04/08/2011 (Financial Express) - The Trading Corporation of Bangladesh (TCB) has blacklisted 20 suppliers for failing to deliver the agreed essential commodities before the holy month of Ramadan, a top policymaker said Wednesday.

"We first gave them warning to supply the commodities in time. As they failed, we have forfeited their security money and blacklisted them," Commerce Minister Faruk Khan told the FE.

These suppliers won't be allowed to supply anything to the TCB in future, he added.

Mr Khan said they signed agreement with the TCB to supply per tonne of sugar at US$ 630 to 640.
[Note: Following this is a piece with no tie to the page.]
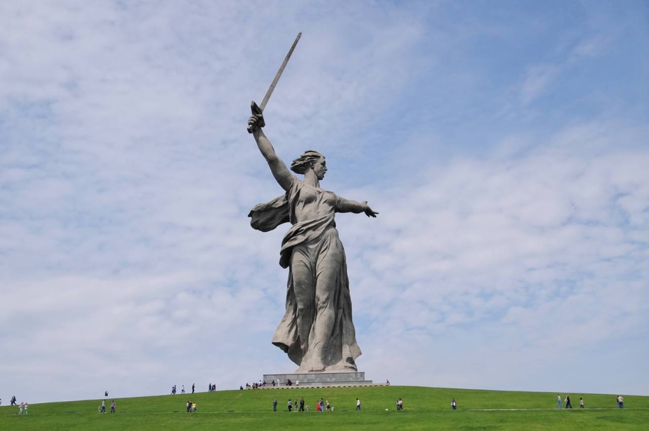 この町は川に沿って細長く延びた町ではありますが、中心部は意外とコンパクトで、大通りにはトラムが走っており、移動も楽です。レーニン大通りからポプラ並木の道を抜けると小銃と手りゅう弾を持った像が小さな池の中に立ち、ここを抜けると戦没者慰霊堂があります。中には英霊の名前がびっしりと書かれ、中央には不滅の火が燃え続けている。毎時55分には中で衛兵の交代式があるので合わせて行きたいところです。町の最大の見所である”ママエフの丘”には巨大な剣を掲げた高さ約80mの「母なる祖国像」が立ち、今はのどかな町並みを見下ろしています。博物館は案内がロシア語のみ、というところもあるので注意しましょう。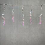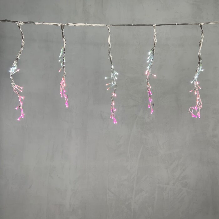 Уличная гирлянда-бахрома с эффектом бегущего огня, 1,75 м длиной и 0,4 м высотой. 320 бело-розовых светодиодов, 8 режимов свечения, безопасное питание 24 В, защита IP65, прозрачный силиконовый провод. Готова к подключению.

"But, meantime, the price of sugar shot up to $ 800 per tonne. The suppliers then decided not to incur massive losses through supplying the sugar; rather they preferred to lose the security money," the minister added.

Sources said this year 21 traders had received supply orders of sugar, edible oil, gram and date to deliver those before Ramadan so that the government could intervene in the market during the holy month. Of them only one could provide the commodities in time.

Last year some 31 traders were engaged for the task, but none of them could supply any goods before Ramadan leaving the TCB helpless.

The default traders lost security money they paid to the TCB with the tender documents. But they were not given any other punishment or barred from doing business with the TCB.

Sources also said the TCB that time carried out its open market sale activities through buying some 20,000 tonnes of sugar from the Bangladesh Sugar and Food Industries Corporation and edible oil from SG Oil Ltd.

The TCB has a target of buying 200,000 tonnes of sugar, 100,000 tonnes of soybean, 100,000 tonnes of palm oil, and 20,000 tonnes of gram this year to intervene in the market throughout the year.

It set the target of getting supplied 30,000 tonnes of sugar, 20,000 tonnes of soybean oil and 10,000 tonnes of palm oil for the holy month of Ramadan.

These suppliers had committed to delivering the commodities through importing the same from different countries.

A senior commerce ministry official said the TCB is now intervening in the Ramadan market with the products it bought from the local sources.

The government in late June approved Tk 10 billion as bank guarantee in favour of the TCB to import essential commodities targeting the Muslim holy month.

The TCB this year sought some Tk 32.74 billion from the government for the said imports. The ministry for finance (MoF) has rejected the proposal and preferred to provide subsidy to the TCB to offset its loss incurred due to selling essentials at lower prices.

Following the decision, the ministry of commerce last June sent a proposal to the MoF for providing Tk 690 million to the TCB as subsidy for the fiscal 2010-11.